The next Sunday, John sat at home with Lillie, who found herself too unwell to go to church, and was in a state of such low spirits as to require constant soothing to keep her quiet.

“It is fortunate that I have you and Rose to trust the school with,” said John; “you see, it’s my first duty to take care of Lillie.”


CHAPTER IX.
A CRISIS.

ONE of the shrewdest and most subtle modern French writers has given his views of womankind in the following passage:—

“There are few women who have not found themselves, at least once in their lives, in regard to some incontestable fact, faced down by precise, keen, searching inquiry,—one of those questions pitilessly put by their husbands, the very idea of which gives a slight chill, and the first word of which enters the heart like a stroke of a dagger. Hence comes the maxim, Every woman lies—obliging lies—venial lies—sublime lies—horrible lies—but always the obligation of lying.

“This obligation once admitted, must it not be a necessity to know how to lie well? In France, the women lie admirably. Our customs instruct them so well in imposture. And woman is so naïvely impertinent, so pretty, so graceful, so true, in her lying! They so well understand its usefulness in social life for avoiding those violent shocks which would destroy happiness,—it is like the cotton in which they pack their jewelry.

“Lying is to them the very foundation of language, and truth is only the exception; they speak it, as they are virtuous, from caprice or for a purpose. According to their character, some women laugh when they lie, and some cry; some become grave, and others get angry. Having begun life by pretending perfect insensibility to that homage which flatters them most, they often finish by lying even to themselves. Who has not admired their apparent superiority and calm, at the moment when they were trembling for the mysterious treasures of their love? Who has not studied their ease and facility, their presence of mind in the midst of the most critical embarrassments of social life? There is nothing awkward about it; their deception flows as softly as the snow falls from heaven.

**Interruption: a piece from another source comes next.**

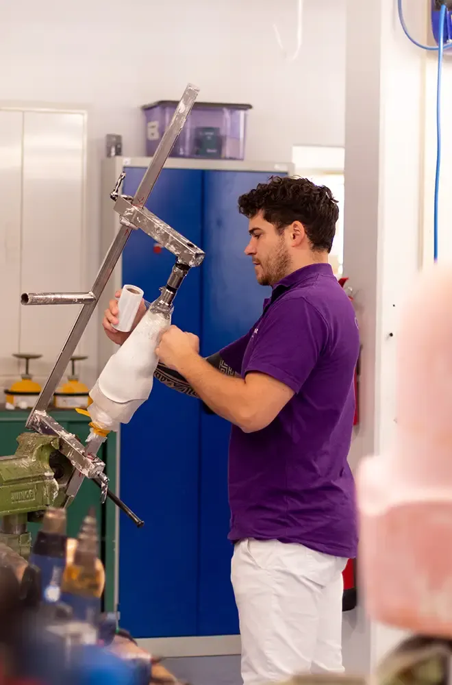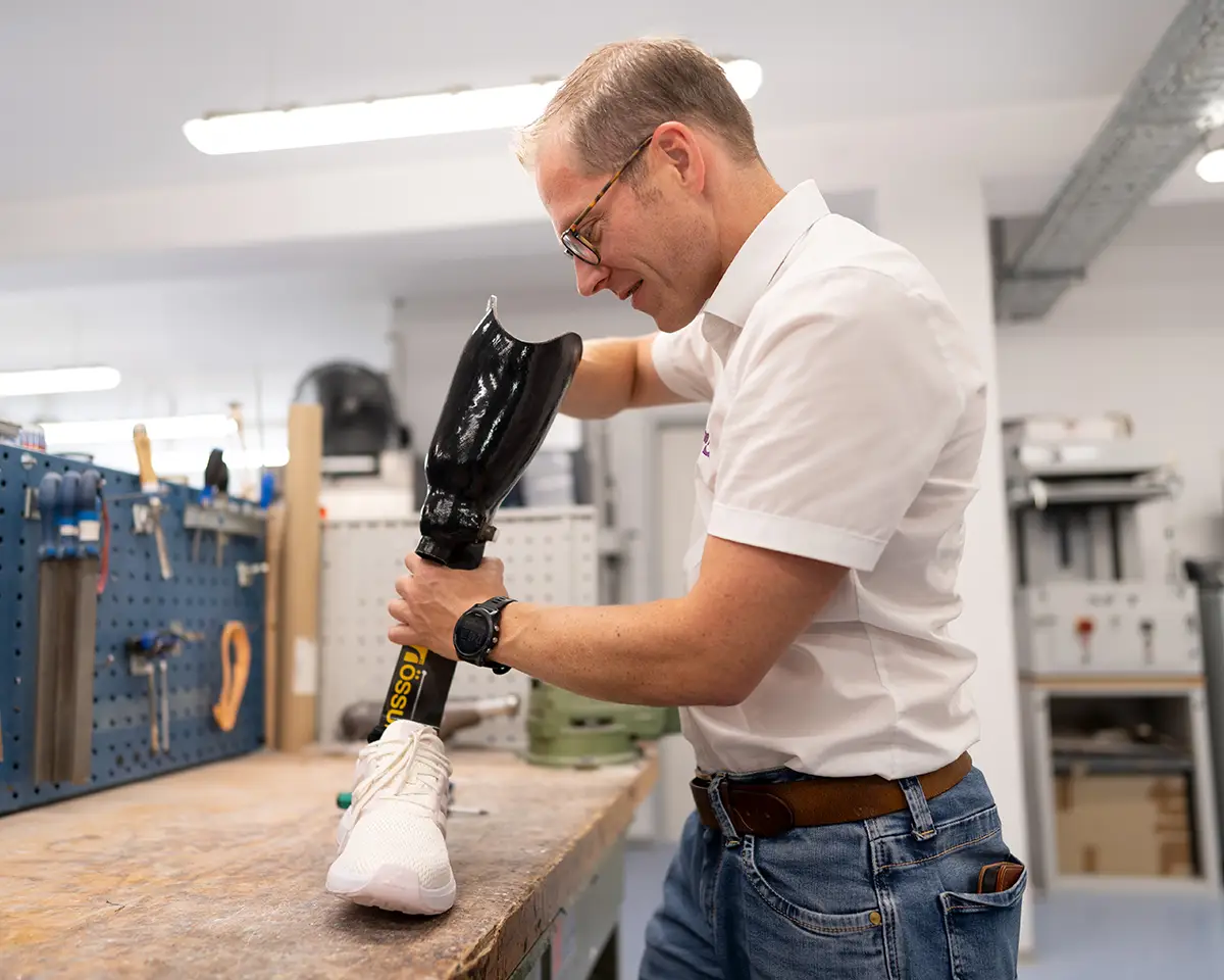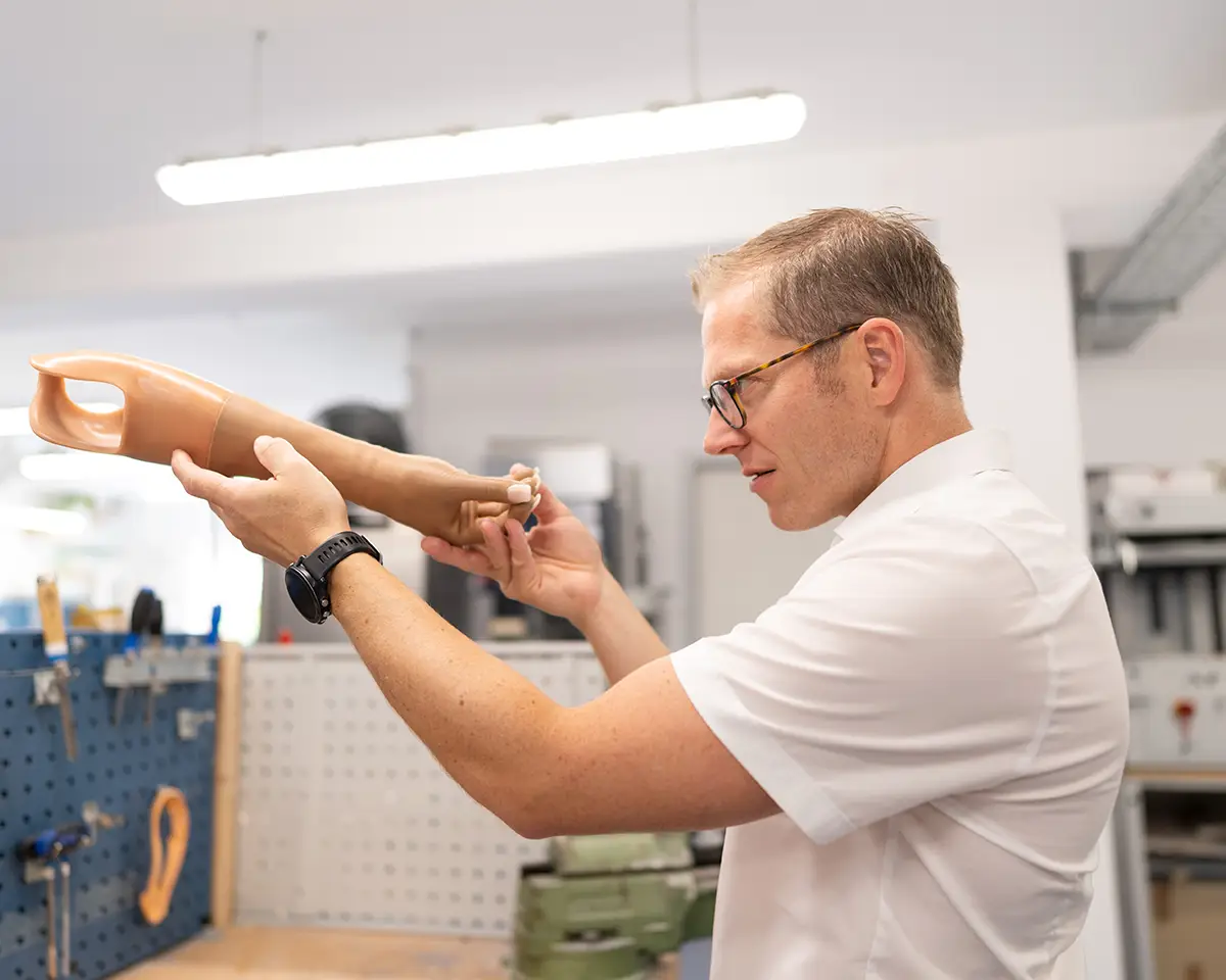 Nach rund sechs Monaten fertigen wir Ihre endgültige Prothese an, bei der das Augenmerk auf ein geringes Gewicht, Funktionalität und auf die Kosmetik gelegt wird. Der Schaft aus Kohlefaser ist sehr filigran und leicht, aber dennoch viermal stabiler als Stahl. Einzelne Passteile stimmen wir individuell auf Ihre Bedürfnisse und Wünsche ab. Mithilfe digitaler Bilder und einer Formerfassung Ihres anderen Beines bzw. Armes fertigen wir eine kosmetische Verkleidung der Prothese, um ein möglichst natürliches Erscheinungsbild zu gewährleisten.

“Yet there are men that have the presumption to expect to get the better of the Parisian woman!—of the woman who possesses thirty-seven thousand ways of saying ‘No,’ and incommensurable variations in saying ‘Yes.’”

This is a Frenchman’s view of life in a country where women are trained more systematically for the mere purposes of attraction than in any other country, and where the pursuit of admiration and the excitement of winning lovers are represented by its authors as constituting the main staple of woman’s existence. France, unfortunately, is becoming the great society-teacher of the world. What with French theatres, French operas, French novels, and the universal rush of American women for travel, France is becoming so powerful on American fashionable society, that the things said of the Parisian woman begin in some cases to apply to some women in America.

Lillie was as precisely the woman here described as if she had been born and bred in Paris. She had all the thirty-seven thousand ways of saying “No,” and the incommensurable variations in saying “Yes,” as completely as the best French teaching could have given it. She possessed, and had used, all that graceful facility, in the story of herself that she had told John in the days of courtship. Her power over him was based on a dangerous foundation of unreality. Hence, during the first few weeks of her wedded life, came a critical scene, in which she was brought in collision with one of those “pitiless questions” our author speaks of.

Her wedding-presents, manifold and brilliant, had remained at home, in the charge of her mother, during the wedding-journey. One bright day, a few weeks after her arrival in Springdale, the boxes containing the treasures were landed there; and John, with all enthusiasm, busied himself with the work of unpacking these boxes, and drawing forth the treasures.